The key word for marketers moving forward is differentiation. While Amazon is known for low prices and ease of purchase for consumers, health care brands are associated with headaches both literally and figuratively.

"In the world of Amazon, there will be greater pressure around cost and transparency," says Becky Chidester, CEO of New York-based Wunderman Health, which works with a host of pharmaceutical companies and insurance brands. "Companies like CVS, in partnership with Aetna, will look at how they differentiate themselves around value."

She notes that marketers are moving away from touting the efficacy of products to promoting a more holistic offering—for example, rather than just selling a product to help consumers quit smoking, brands are offering a support system tailored to individuals, with mobile accessibility. "They're understanding those pain points so they can tailor their marketing and communications and create services and solutions to help overcome barriers," she says.

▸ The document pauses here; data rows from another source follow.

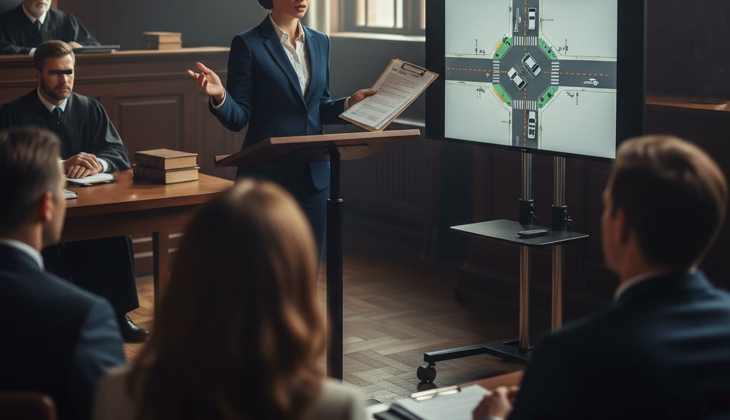 A courtroom scene with an attorney presenting evidence for an accident compensation case.
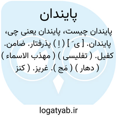 پایندان. [ ی َ ] ( اِ ) پذرفتار. ضامن. کفیل. ( تفلیسی ) ( مهذب الاسماء ) ( دهار ) ( مَج ). غریز. ( کنز اللغات ). پایندانی کننده. ( کنز اللغات ). زعیم. ( مج ) ( مهذب الاسماء ). قبیل. ضمین. حمیل: گفتم اگر این مال امروز نتواند داد مهتری وثیقه و پایندان بستانم شاید؟ گفت نه. ( تاریخ طبری ترجمه بلعمی ). و اَنا به ِ زعیم، من بآن پایندانم. ( تفسیر ابوالفتوح رازی ). بوم و جغد و زاغ سیاه و عکه و گنجشک این پنج مرغ پایندان شدند. ( قصص الانبیاء ). گفت بکن آنچه خواهی گفت پایندانی باید از مرغان که با وی هم اعتقاد بودند. ( قصص الانبیاء ).
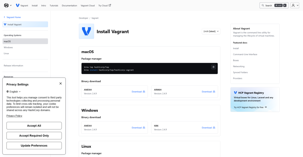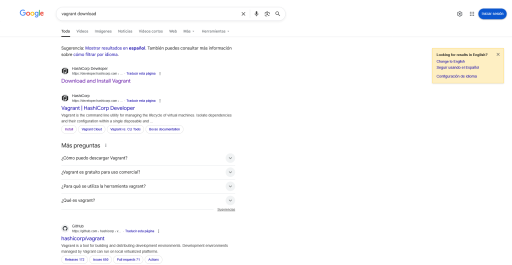 Per instal·lar-lo simplement he buscat a Google “Vagrant download” i he entrat en el primer enllaç.
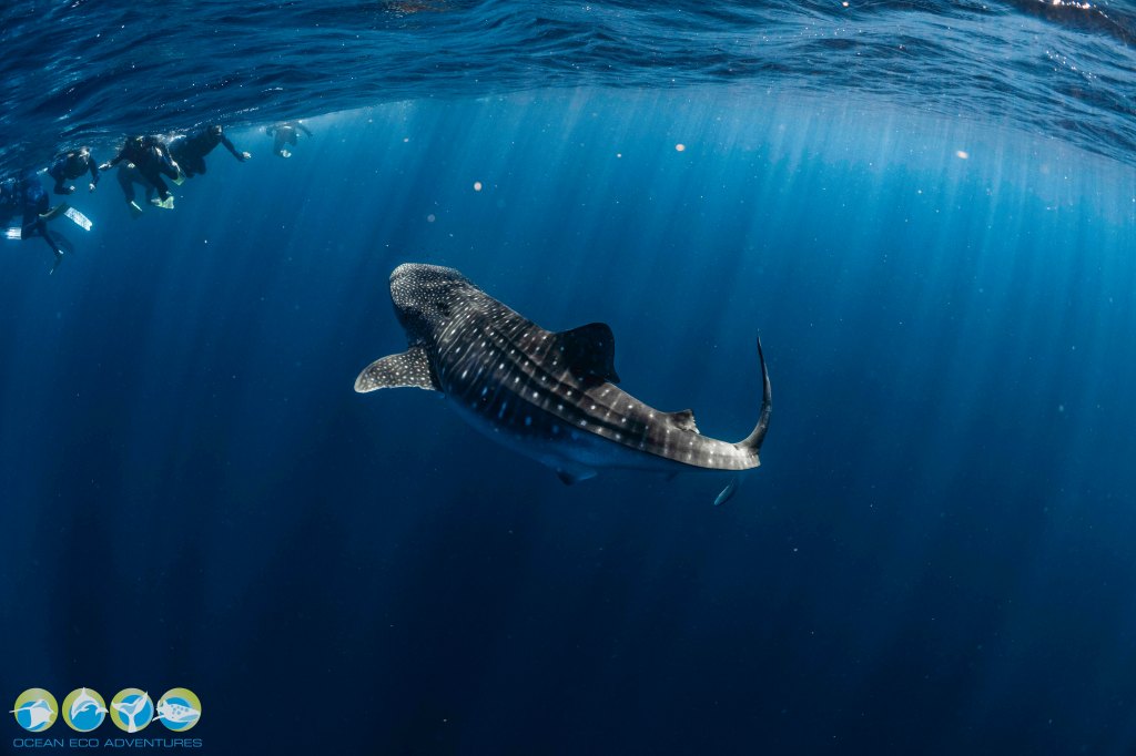 When the boat was in position we heard go go go and we all slid into the water. Once in, we lined up from our guide so that we were in a good position so the whale shark would swim right past us. Before we knew it, the whale shark came into view and as it came alongside, we started swimming along with it. The whale sharks are such amazing, beautiful, and graceful creatures and what an amazing feeling to be able to swim along right next to one.
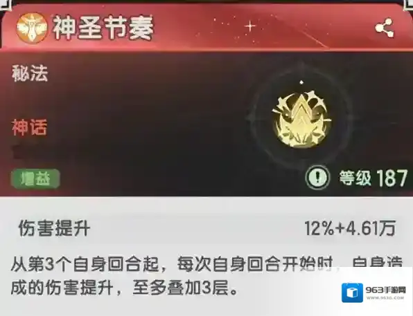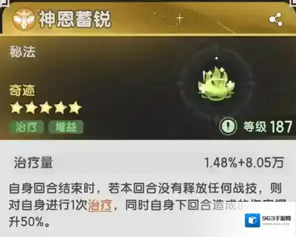 长线战斗不错的增伤技能,第三回合开始增伤,第五回合开始获得最高增伤,在骑士内战,混沌和圣兽中是非常好用的技能
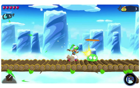 Asha, the warrior protagonist of the game, is involved in a serious incident that will affect the survival of her world. Our green-haired heroine doesn’t have to save the world all alone and sets off on an adventure with her cute flying friend, the blue Pepelogoo. Asha and the Pepelogoo have to work together to become the heroes the world needs them to be. The road ahead is long – will they be able to save their world?

Chidester also expects to see more mergers but from unlikely partners. An insurance company might partner with a wellness-focused brand like Under Armour, for example, to gain access to wearable data from fitness trackers.

On Amazon's third-quarter earnings call Thursday, executives declined to comment on the pharmacy rumors and the potential of using Whole Foods stores for physical health care locations. "I can't confirm or deny any of the rumors related to pharmacy," said Brian Olsavsky, Amazon's chief financial officer, on the call.

One expert says Amazon could also redesign the customer experience when buying medicine, thanks to its already well-honed ratings system, to take into account varialbes like side effects.

"One of the things Amazon could do is apply all of their lessons about ratings and evaluations," says says Adrienne Faerber, lecturer at the Dartmouth Institute for Health Policy and Clinical Practice, "and really change the consumer experience of prescription drugs in a different way."